§ REQUIRED WORK:
Give the listing again in full and exactly, apart from its pictures.

§ DATA BLOCK:
◇ ◇ ◇ ◇ ◇ ◇ ◇
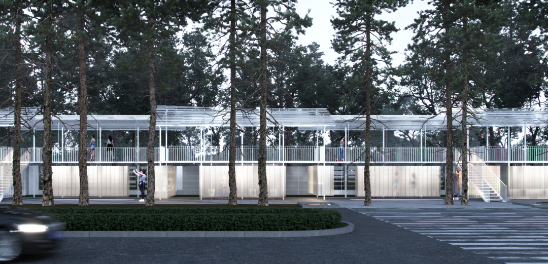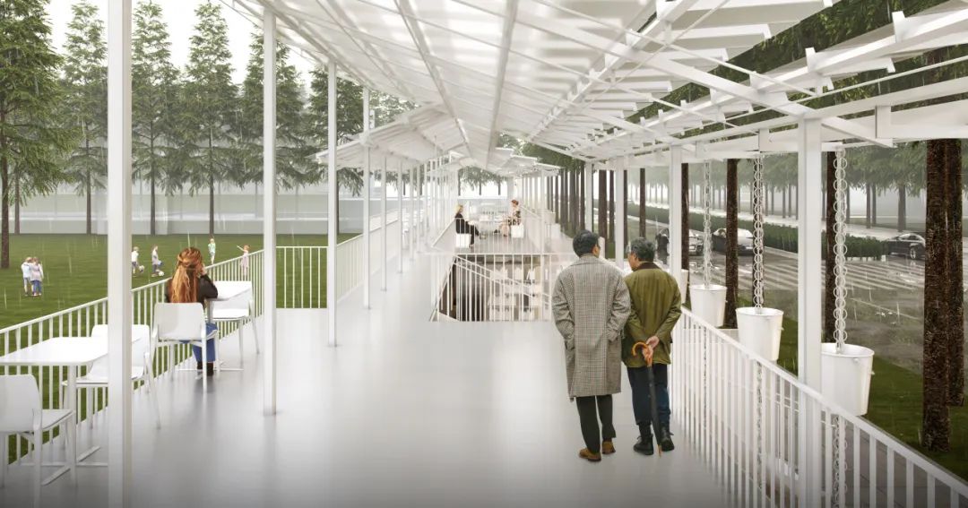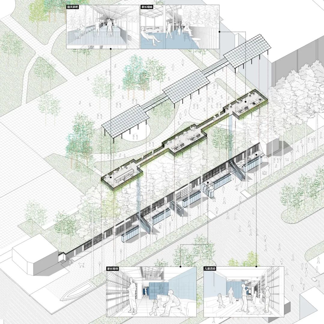 该方案以东南大学校西区、东南大学附属幼儿园东侧临街围墙作为设计切入点,将原本3米的人行道扩大为6米,分别划分为宽度各为3米的两个空间,靠城市道路外侧的3米空间继续保留为城市日常的慢行通道,而将靠幼儿园内侧的3米空间通过对墙体进行三叠四折的形体处理,不仅在平面上生成了多变的静态空间与动态空间,还在立面上创造了可以休闲与瞭望的二层平台。这些空间既为街道慢行系统提供了更为丰富、可停留活动的场地,也为家长们提供了友好的等待与交流场所。透明的风动屋顶与墙面百叶亦充满灵动与趣味。
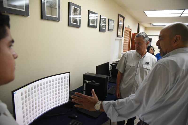 Chucho Nader detalló que para llevar a cabo este interesante proceso de rescate y preservación documental del Archivo Histórico, se incorporó un moderno sistema de cómputo, escáners y cámaras de fotografías digitales con lente cenital para facilitar la captura de planos, periódicos, y documentos diversos.
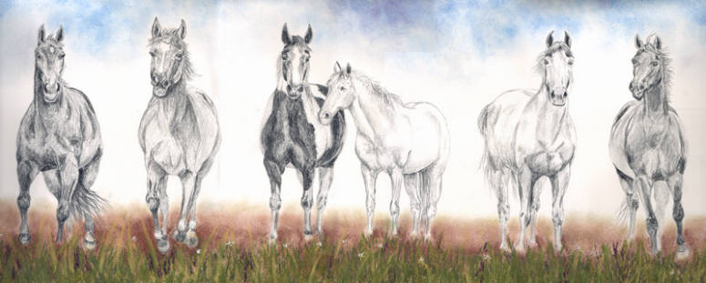 Six horses running forward
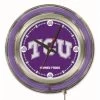 Our neon-accented Logo Clocks are the perfect way to show your school pride. Chrome casing and a team specific neon ring accent a custom printed clock face, lit up by an brilliant white, inner neon ring. Neon ring is easily turned on and off with a pull chain on the bottom of the clock, saving you the hassle of plugging it in and unplugging it. Accurate quartz movement is powered by a single, AA battery (not included). Whether purchasing as a gift for a recent grad, sports super fan, or for yourself, you can take satisfaction knowing you’re buying a clock that is proudly made by the Holland Bar Stool Company, Holland, MI.
◇ ◇ ◇ ◇ ◇ ◇ ◇
§ RESPONSE BOX:
 该方案以东南大学校西区、东南大学附属幼儿园东侧临街围墙作为设计切入点,将原本3米的人行道扩大为6米,分别划分为宽度各为3米的两个空间,靠城市道路外侧的3米空间继续保留为城市日常的慢行通道,而将靠幼儿园内侧的3米空间通过对墙体进行三叠四折的形体处理,不仅在平面上生成了多变的静态空间与动态空间,还在立面上创造了可以休闲与瞭望的二层平台。这些空间既为街道慢行系统提供了更为丰富、可停留活动的场地,也为家长们提供了友好的等待与交流场所。透明的风动屋顶与墙面百叶亦充满灵动与趣味。
 Chucho Nader detalló que para llevar a cabo este interesante proceso de rescate y preservación documental del Archivo Histórico, se incorporó un moderno sistema de cómputo, escáners y cámaras de fotografías digitales con lente cenital para facilitar la captura de planos, periódicos, y documentos diversos.
 Six horses running forward
 Our neon-accented Logo Clocks are the perfect way to show your school pride. Chrome casing and a team specific neon ring accent a custom printed clock face, lit up by an brilliant white, inner neon ring. Neon ring is easily turned on and off with a pull chain on the bottom of the clock, saving you the hassle of plugging it in and unplugging it. Accurate quartz movement is powered by a single, AA battery (not included). Whether purchasing as a gift for a recent grad, sports super fan, or for yourself, you can take satisfaction knowing you’re buying a clock that is proudly made by the Holland Bar Stool Company, Holland, MI.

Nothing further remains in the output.